Exemple – Cet exemple illustre l’incidence de l’impôt successoral américain sur un Canadien qui décède en 2015.

Biens situés aux États-Unis Juste valeur marchande à la date du décès
Actions de sociétés américaines 1 340 000 $
Copropriété en Floride 600 000 $
Bateau en Floride 60 000 $
Total des biens situés aux É.-U. 2 000 000 $
Biens situés à l’étranger (ailleurs qu’aux É.-U.) Juste valeur marchande à la date du décès
Résidence 960 000 $
Ameublement 25 000 $
Véhicules 65 000 $
Biens locatifs 700 000 $
Actions canadiennes détenues dans un fonds commun de placement non enregistré 450 000 $
Portefeuille non enregistré composé d’actions et d’obligations canadiennes 700 000 $
Espèces et quasi-espèces 100 000 $
Assurance-vie payable au décès 1 000 000 $
Valeur actuelle de la prestation de survivant 1 000 000 $
Total des biens situés à l’étranger (ailleurs qu’aux É.-U.) 5 000 000 $
 
Valeur totale des biens (situés aux É.-U. et ailleurs dans le monde) 7 000 000 $
Impôt successoral américain sur les biens situés aux É.-U. Impôt
Impôt successoral provisoire sur la première tranche de 1 000 000 $ 345 800 $
Impôt successoral provisoire sur la tranche excédentaire de 1 000 000 $, taux de 40 % 400 000 $
Total de l’impôt successoral provisoire 745 800 $
Crédit unifié proportionnel
(2 113 800 $ x (2 000 000 $ / 7 000 000 $)
603 943 $
Impôt successoral américain payable 141 857 $


Crédit d’impôt pour le conjoint

Lorsqu’une partie quelconque de la succession est transmise au conjoint canadien du défunt, la Convention prévoit un crédit d’impôt successoral supplémentaire pour le conjoint. Il correspond au moindre des deux montants suivants :

• le crédit unifié proportionnel (603 943 $ dans l’exemple ci-dessus), et
• l’impôt successoral à payer (141 857 $).

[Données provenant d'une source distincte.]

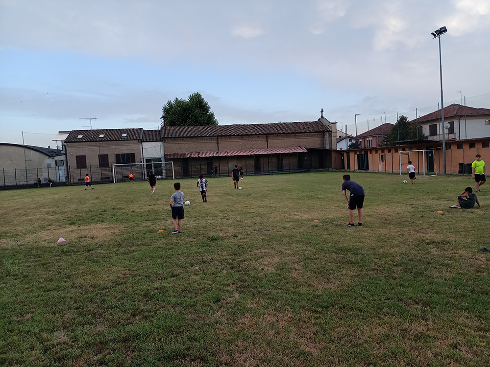 Dietro la bocciofila si trova un campetto in cui quasi quotidianamente i ragazzini vanno per tirar calci ad un pallone e organizzano partite al volo con chi c’è al momento.

Dans notre exemple, ce crédit élimine l’impôt successoral au décès du premier conjoint. Au décès de l’autre, si celui-ci possède toujours des biens situés aux États-Unis, il pourrait y avoir matière à imposition.

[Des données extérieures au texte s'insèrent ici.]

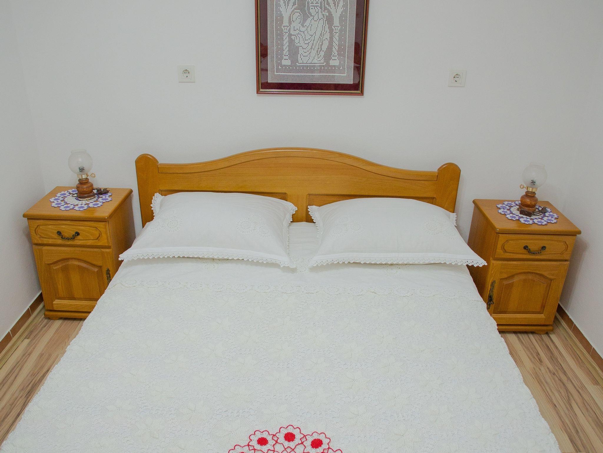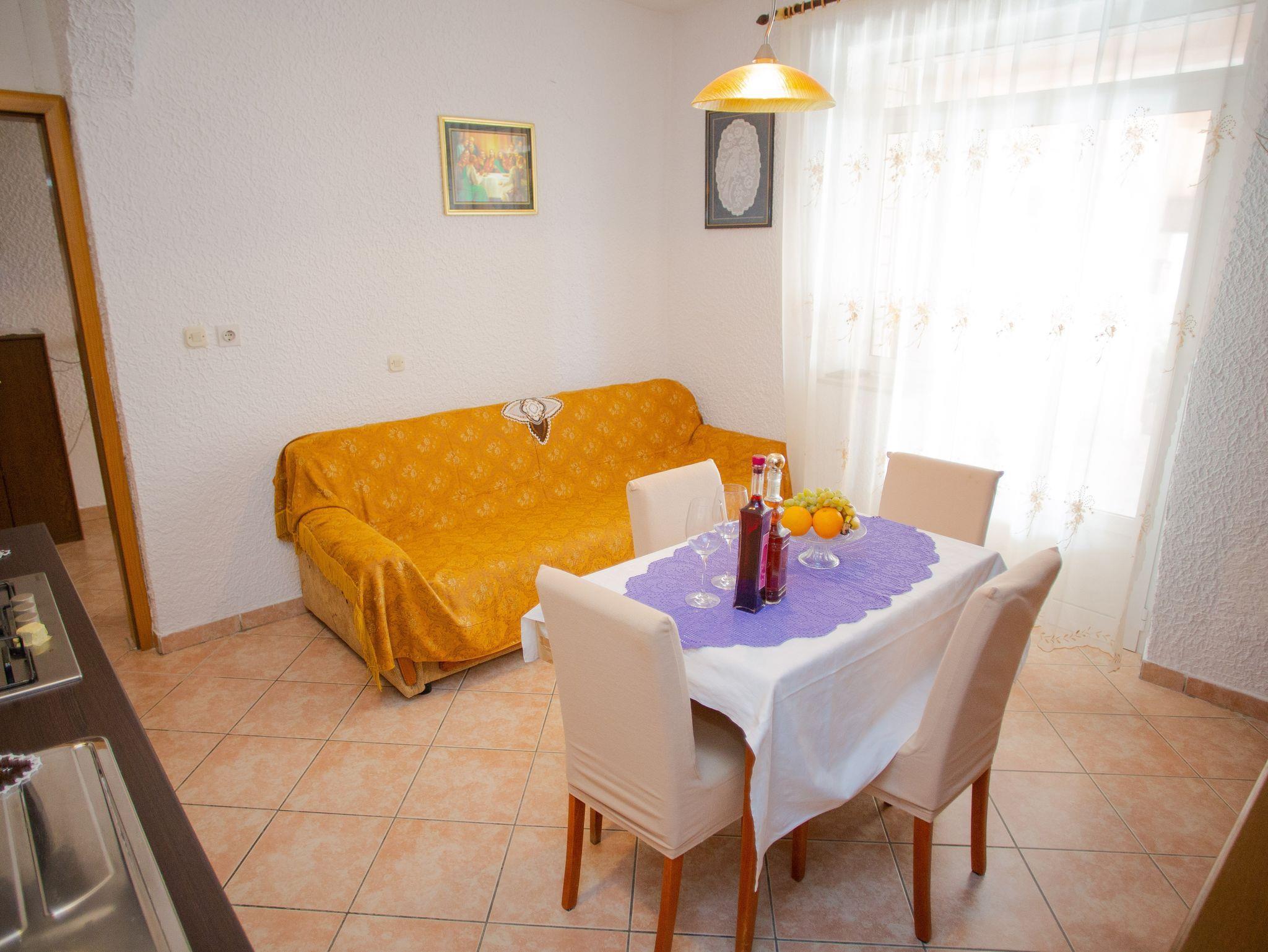 Ferienwohnung bietet Platz für 3 Gäste. Die Betten sind in Schlafzimmern, die es 1 gibt, und in Esszimmer, innerhalb einer Gesamtfläche von 41m2, angeordnet. Die Gäste haben eine eigene Terrasse zur Verfügung, auf der sie in warmen Sommernächten genießen können. Das Apartment bietet Meerblick. Es ist erlaubt, Speisen auf dem Gemeinschafts-Grill vorzubereiten. Durch die Terrasse der gebuchten Unterkunftseinheit gehen auch andere Gäste oder Vermieter. IM PREIS INBEGRIFFEN: Kurtaxe, Endreinigung, Parkplatz, Internet, Bootsanlegeplatz. VERBINDLICHE ZUSÄTZLICHE KOSTEN: Aufzahlung für Kurzaufenthalte (prozentualer Zuschlag pro Nächtigungsanzahl: 30% - 1, 20% - 2, 10% - 3). UNVERBINDLICHE ZUSÄTZLICHE KOSTEN: Klimatisierung (5,00 € pro Nacht). Die Verfügbarkeit zusätzlicher Dienstleistungen in Ihrem reservierten Termin und die Preise derselben (falls nicht aufgeführt) müssen im Voraus überprüft werden. Zusätzliche Dienstleistungen die in der Zahlungsaufforderung nicht aufgeführt sind werden direkt beim Vermieter bezahlt, angenommen der Gast nutzt auch diese. Ermäßigung auf den Grundpreis: Gratistag 14=13 (bei einem Aufenthalt von 14 Tagen oder mehr erhalten Sie einen Gratistag für den Aufenthalt bis 31.12.26).

Allégement pour petite succession

Lorsque l’avoir total d’un Canadien vaut moins que 1 200 000 $ US, l’impôt successoral américain s’applique seulement sur les biens immeubles situés aux États-Unis et sur les biens personnels faisant partie de l’actif d’une société établie aux États-Unis. Les biens personnels non commerciaux et les biens incorporels en sont exonérés.

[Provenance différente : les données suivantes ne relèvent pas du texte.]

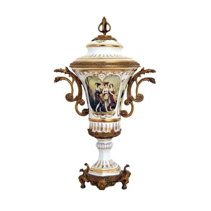 Potiche em Porcelana Branca Limoges Acabamentos em Bronze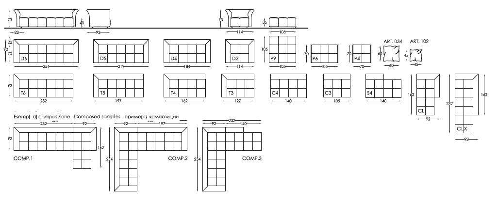 Versioni: divani in varie misure, poltrona, pouf e versione componibile.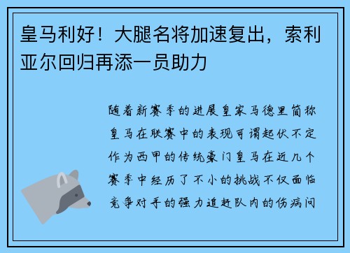 皇马利好!大腿名将加速复出,索利亚尔回归再添一员助力

La sensibilisation : un élément clé

Si certains de vos clients possèdent des biens aux États‑Unis, il est essentiel de les sensibiliser aux conséquences du régime fiscal américain. Encouragez-les à consulter un fiscaliste transfrontalier pour en apprendre davantage sur l’impôt successoral américain, le crédit unifié, le crédit pour conjoint et les autres stratégies dans les domaines suivants :

• les structures (p. ex. les fiducies), qui peuvent être créées dans le but de détenir des biens situés aux États‑Unis,
• les procurations et les testaments américains, et
• l’assurance-vie.

À titre d’information – l’article Impôt américain pour les Canadiens qui possèdent des biens aux États‑Unis, publié en décembre 2014 par la Financière Sun Life et rédigé par Stuart L. Dollar, M.A., LL.B., CFP, CLU, ChFC, directeur, planification fiscale et planification de l’assurance, à la Financière Sun Life, vous offre plus de renseignements à ce sujet, notamment sur les gains en capital et l’impôt successoral ainsi que sur l’impôt sur les héritages et l’impôt en cas de décès prélevés par les États.


 


[1] Dans cet article, tous les montants sont en dollars américains.
[2] Voir Instructions for Form 706-NA, United States Estate (and Generation-Skipping Transfer) Tax Return – Estate of a non-resident not a citizen of the United States, ‘Who Must File’ (en anglais seulement).